Thursday, January 28, 2010

Deja Vu All Over Again

Remember how we were told that Saddam Hussain had been supplied with weapons by the US and UK when it served our purpose to keep him in power, only later to discover that nearly all of the arms recovered after the war were from Russia and France? Well another myth has been exposed.

Call it the 'war for oil' fallacy.

According to Reuters the US oil majors were largely absent from an Iraqi auction of oil deals snapped up instead by Russian, Chinese and other firms.

The Oil Ministry on Saturday ended its second bidding round after awarding seven of the oilfields offered for development, adding to deals from a first auction in June that could together take Iraq up to a capacity to pump 12 million barrels per day.

[...]Russia's Lukoil on Saturday clinched a deal to develop Iraq's supergiant West Qurna Phase Two oilfield after having failed to convince Iraq to bypass the auction and revive an old Saddam Hussein-era deal for the field.

[...]Only one U.S. firm bid in the second round, and of the four fields bid on by U.S. firms in the first round, only Exxon Mobil won a major prize, leading a group to clinch a deal for the supergiant West Qurna Phase One field.

U.S.-based Occidental came away with a quarter stake in a consortium that won a contract for the giant Zubair field.

By contrast, Chinese state oil firms were involved in every first round bid and made a strong showing in the second.

[...]"We haven't really seen U.S. companies, and that is because of intense competition ... The issue is financial and technical and not at all political. This confirms Iraq can manage its oil policy and activities without politicization," said Thamir Ghadhban, a prime ministerial advisor and former oil minister.

As Robin Simcox reflects: "So while the US barely figured, Russia and China - both of who(m) voted against the war - are now both (as they have every right) making finanical gains from the overthrow of Saddam Hussein. However such facts rarely do much to puncture the depressingly prevalent idea that Saddam was overthrown by the US and UK due to an insatiable thirst for oil and financial gain. This blatant misreading of the facts seem to be increasingly accepted wisdom, and it is hard to see what Blair can say at the inquiry to change this."

Is war possible?

According to Professor Philip Allott writing in today's Times:

Wars should be preceded and accompanied by intense public debate about all aspects - strategic, moral, political, social, economic, legal.

Has there ever been such a war? Could there ever be?

Monday, January 25, 2010

Big Questions

 At the end of Chapter 1 of Celia Green's book The Human Evasion are some fiercely searching questions I seem never seriously to have asked before:

"The questions which remain are these. Are people, in fact, matters of ultimate concern to other people?

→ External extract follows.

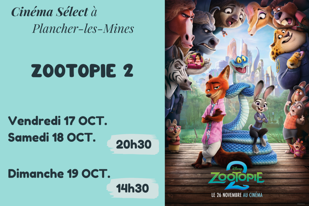 Film « ZOOTOPIE 2 » au CINEMA SELECT à PLANCHER-les-MINES

And still more, can they be sources of "ultimate solution" to them? If they are not, what psychological force is at work to ensure that these questions are so seldom asked? Why, if you ask a question about man and the universe, are you given an answer about "man in society"?

Tuesday, January 19, 2010

Iraq War Inquiry Derangement Syndrome

That's what Melanie Phillips calls it.

She concludes:

"we all know beyond a shadow of a doubt, Blair secretly committed Britain to an illegal war on which he lied to the British public – and unless the inquiry concludes as such, its members will be consigned along with him to the first circle of hell.

"Verdict first, evidence nowhere."

Tuesday, January 12, 2010

Valentine

The patron saint of making sad, lonely, ugly people feel like crap.

(My last quote "Chequered" was, I think, original i.e. I made it up. This one I definitely heard somewhere.)

Chequered

The best thing I can say about my chequered past is that it exactly matches my chequered present.

Friday, January 08, 2010

Sounds unfamiliar

Labour MP David Anderson speaking in the debate on the Queen's Speech:

"I hope that John Chilcot asks people such as Bayan Rahman to give evidence. I hope that he asks Hangar Khan, from the regional trade union movement, and Abdullah Muhsin, who was exiled in the 1980s and became the international representative of the trade union movement, to give evidence too. They will say clearly what Bayan has said to me: "Some people seem to have forgotten the brutal reality of his long years of repression. Saddam conducted a campaign of genocide against the Kurds. His forces used chemical weapons to kill men, women and children including 5,000 people who were killed in an attack on the city of Halabja in 1988. They murdered innocent people including thousands of boys and men from the Barzan area who disappeared in 1983," never to be seen again, "and whose mass graves are being found today."

"Saddam's forces also "razed 4,500 villages to the ground, destroying" the agricultural heartland of Iraq. The suffering in other parts of Iraq was the same. The key question that people ask me when I am over there is not "Why did you come here in 2003?" but "Why didn't you come here in 1983? We might have had a very different way of life."